BACKGROUND Depressive symptoms and hearing loss (HL) are independently associated with increased risk of incident disability; whether the increased risk is additive is unclear. METHODS Cox Proportional Hazards models were used to assess joint associations of HL (normal, mild, moderate/severe) and late-life depressive symptoms (defined by a score of ≥8 on the 10-item Center for Epidemiologic Studies-Depression scale) with onset of mobility disability (a lot of difficulty or inability to walk ¼ mile and/or climb 10 steps) and any disability in activities of daily living (ADL), among 2,196 participants of the Health, Aging and Body Composition Study, a cohort of well-functioning older adults aged 70-79 years. Models were adjusted for age, race, sex, education, diabetes, hypertension, and body mass index.
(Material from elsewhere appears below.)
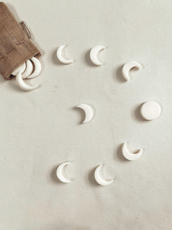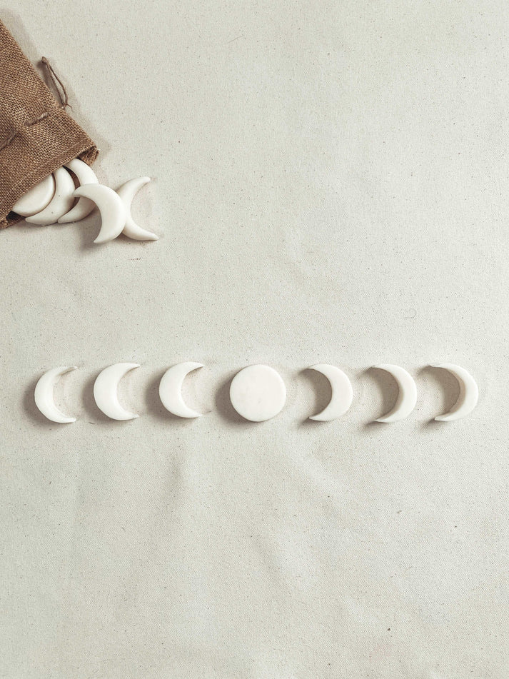 Pack comes with 12 moon phase wax melts Wax type - 100% Soy WAX Fragrance - -Nemophily : Indulge into your fondness of forest & woods with blends of organic Khas, mitti & wood in a beautifully hand poured moon phase wax melts -Oishi : With the sweetness of vanilla paired with fruity forest nuance, it captures a delicious fragrance that makes you feel home -Hygge : Notes of fresh peach is the quintessential summer scents that sure is to lift your spirits with having an added twist to embody the playful element of caramel. The warm and sun-filled season calls for mood-boosting fragrances that will capture the essence of an endless summer. Usage: Add 1-2 Moon Melts to the top of the oil burner. The wax can be re melted until its no longer fragrant You can use difference fragrances together to create an entirely new aroma.

RESULTS Relative to participants with normal hearing and without depressive symptoms, participants without depressive symptoms who had mild or moderate/severe HL had increased risk of incident mobility and ADL disability (hazard ratio [HR] for mobility disability, mild HL:1.34, 95% confidence interval [CI]: 1.09, 1.64 and HR for mobility disability, moderate/severe HL: 1.37, 95% CI: 1.08, 1.75 and HR for ADL disability, mild HL: 1.32, 95% CI: 1.08, 1.63, and HR for ADL disability, moderate/severe HL: 1.42, 95% CI: 1.11, 1.82). Among participants with depressive symptoms, mild HL (HR: 1.71, 95% CI: 1.09, 2.70) was associated with increased risk of incident mobility disability. CONCLUSIONS Independent of depressive symptoms, risk of incident disability was greater in older adults with HL, regardless of severity. Further research into HL interventions may delay disability onset.

中文翻译:

听力损失和抑郁症状与老年人事件残疾的关联:健康,衰老和身体成分研究。

背景技术抑郁症状和听力损失(HL)与事件致残风险的增加独立相关。尚不清楚增加的风险是否是累加的。方法采用Cox比例危险模型评估HL(正常,轻度,中度/重度)与晚期抑郁症状(在10个项目的流行病学研究中心-抑郁量表中得分≥8)的联合关联,在健康,老龄化和身体成分研究的2,196名参与者中,有行动不便的发作(很多困难或无法走路1/4英里和/或爬10个台阶)和日常生活活动中的任何残疾(ADL)。运作良好的70-79岁的老年人。针对年龄,种族,性别,教育程度,糖尿病,高血压和体重指数对模型进行了调整。结果相对于听力正常,无抑郁症状的参与者,轻度或中度/重度HL的无抑郁症状的参与者发生活动性和ADL残疾的风险增加(活动性障碍的危险比[HR],轻度HL:1.34,95%置信区间[CI]:行动不便的置信区间[1.0],1.64和HR,中度/重度HL:ADL残疾的1.37、95%CI:1.08、1.75和HR,轻度HL:1.32、95%CI:1.08、1.63和HR对于ADL残疾,中度/重度HL:1.42,95%CI:1.11,1.82)。在具有抑郁症状的参与者中,轻度HL(HR:1.71,95%CI:1.09,2.70)与意外行动不便的风险增加相关。结论独立于抑郁症状,不论严重程度如何,老年HL患者发生残疾的风险均较高。